Thursday, February 5, 2009

Letters from Hawaii, by Mark Twain

Before I get into my review, I have to digress. A couple of things happened that reinforce my enjoyment of this venture. First, when I was coming down in the elevator after work tonight, a woman looked at the book and asked what it was about. When I told her it was great and about Twain going to Hawaii in 1866 and writing to a newspaper in SF, she told me that her family had a connection: they bought Twain's mother's house in Fredonia, NY. She said it was a beautiful Victorian with curved halls that she got lost in. Another connection, like Hamagrael knowing Perrin's wife.

And the copy of the book I got from a branch of the local library consortium out in the boonies has one of those old stamped, date-able pockets in it so you can see when the book was taken out, as opposed to the new device of sticking in a random dated card with no particular history for the book. When it came out in 1966, the hundredth anniversary of Twain's voyage, it was read four times. Still some interest in '68 and '69, tapering off to one or two readers, than a four year drought between '75 and '79 and again between '80 and '84, etc., etc.

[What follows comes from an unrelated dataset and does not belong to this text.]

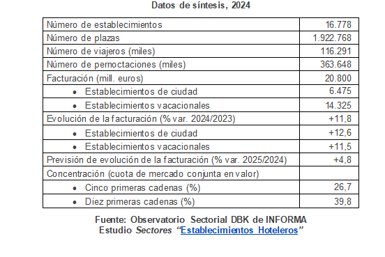 - El negocio hotelero sigue viéndose impulsado por el incremento de la demanda, fundamentalmente de la extranjera, y por el aumento de los precios. Así, tras registrar un crecimiento del 12% en 2024, se prevé que en 2025 alcanzará una tasa de variación del 5%, alcanzando una cifra cercana a los 22.000 millones de euros. - Continúa aumentando la categoría media de los establecimientos, de forma que el cierre de hostales es compensado por la inauguración de nuevos hoteles, fundamentalmente de cuatro y cinco estrellas. - Estas son algunas conclusiones del estudio Sectores “Establecimientos Hoteleros” publicado recientemente por el Observatorio Sectorial DBK de INFORMA.
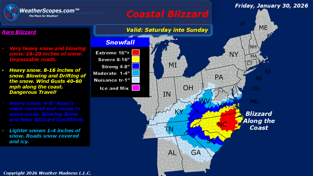 This morning, light snow is occurring across the Plains, with accumulations ranging from a light coating up to 1 inch. Lake-effect snow will once again impact the Great Lakes region today, with the heaviest accumulations expected in the Upper Peninsula of Michigan, the Buffalo area, and southeastern Wisconsin into the Chicago metro area. Most locations in these regions can expect snowfall totals of 1 to 4 inches. Cold air continues to affect the Plains, Great Lakes, and Northeast, with temperatures in the single digits and some areas experiencing well below zero readings. The Tennessee Valley may see light snow showers later today. A significant winter storm is expected to bring blizzard conditions to the Carolinas and Virginia tomorrow. Some areas could receive over a foot of snow, and strong, gusty winds will make travel extremely dangerous. Areas farther north and west will see lighter snowfall amounts. Areas farther south, including the Atlanta metro area, could also see a light coating of snow. As the storm moves eastward, parts of Cape Cod could see snow as the system exits into the Atlantic.

I remember when I went to the rare books section of the library at Hamilton College and checked to see when a Latin grammar book was last borrowed. This rhythm of reading patterns engages me. What is it about the fashion of a topic that waxes and wanes? How does something really enjoyable or instructive go out of fashion? I miss this look back in books I borrow now; the thread with previous explorers is now broken by improved technology.

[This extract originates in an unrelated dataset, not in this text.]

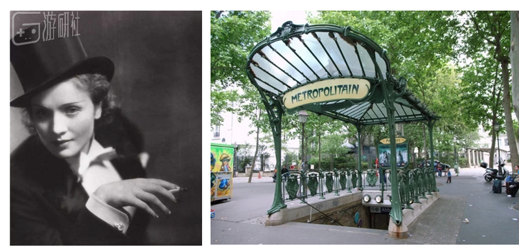 此处仅以桑塔格所列举的「坎普」气质代表为例,左图为女演员玛琳·迪特里希(Marlene Dietrich),右图为受「新艺术运动」影响而设计成铁铸兰花柄形状的巴黎地铁入口由此,一条不算复杂的线索映入眼帘:JOJO们的形象似乎呈现了某种性别观念上的尝试,从传统的男女二元设计到走向五彩斑斓的泛性化主角,并且在饱满的色彩和丰沛的人物情感加持下充满性张力。这与世纪之交逐渐开放的文化环境密不可分,也与荒木本人不断成熟的审美观息息相关。

But on to Hawaii. I have sixteen different pages listed that I wanted to cite in my review as being not only great, visual descriptions of Hawaii, but quintessentially Twain. I can't possibly cite them all. These were the sentences that could not have been written as wryly by anyone else: on being a heathen, sinning, and offering up your grandmother as atonement; speculating on the original of ham "Sandwich;" about the nastiness of photography as opposed to the softening of portraiture; and the universal reaction of being disappointed in seeing a "natural wonder" for the first time.

This is a laugh-out-loud book, the first I've come across since I read since The Know It All, by A. J. Jacobs. Twain twists the end of many paragraphs by disclaimers about his own observations, -- quaint reflections of a time before political pundits from both parties. He is his own self-deprecating person, and an honest assessor of the less-than-stellar Europeans he encounters in the scantly populated Islands.

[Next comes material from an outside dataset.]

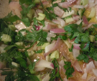 Kiedy zarumieni sie, dodajemy pokrojona: lodyge selera, natke pietruszki, boczek (ja go nie dodalam).
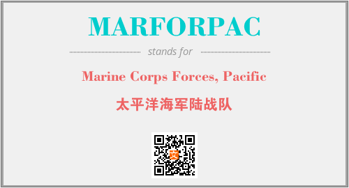 英文缩略词“MARFORPAC”经常作为“Marine Corps Forces, Pacific”的英文缩写来使用,中文表示:“太平洋海军陆战队”。本文将详细介绍英文缩写词MARFORPAC所代表英文单词,其对应的中文拼音、详细解释以及在英语中的流行度。此外,还有关于缩略词MARFORPAC的分类、应用领域及相关应用示例等。

Another thing that threw me back was the entire idea of writing about a place in terms of what the people are engaged in as commerce, what their ancestors believed in, and how the land looks. It reminded me of geography exercises in grammar school. It's sad to remember how we wrote about tires from Akron, cars from Detroit, steel from Pittsburgh and Bessemer, Alabama, when these economic strengths are no longer valid. In 1866, Hawaii didn't have pineapples, surfers or Don Ho. Twain writes about sugar production, converting molasses to rum, and naked native girls swimming in the surf with only their heads above water.

I have never felt a draw to go to Hawaii. Twain's description of the stereotypical volcano, beaches and tropical forests seem pristine -- not like a lure for an island vacation. I'd go there, but only back in time with MT.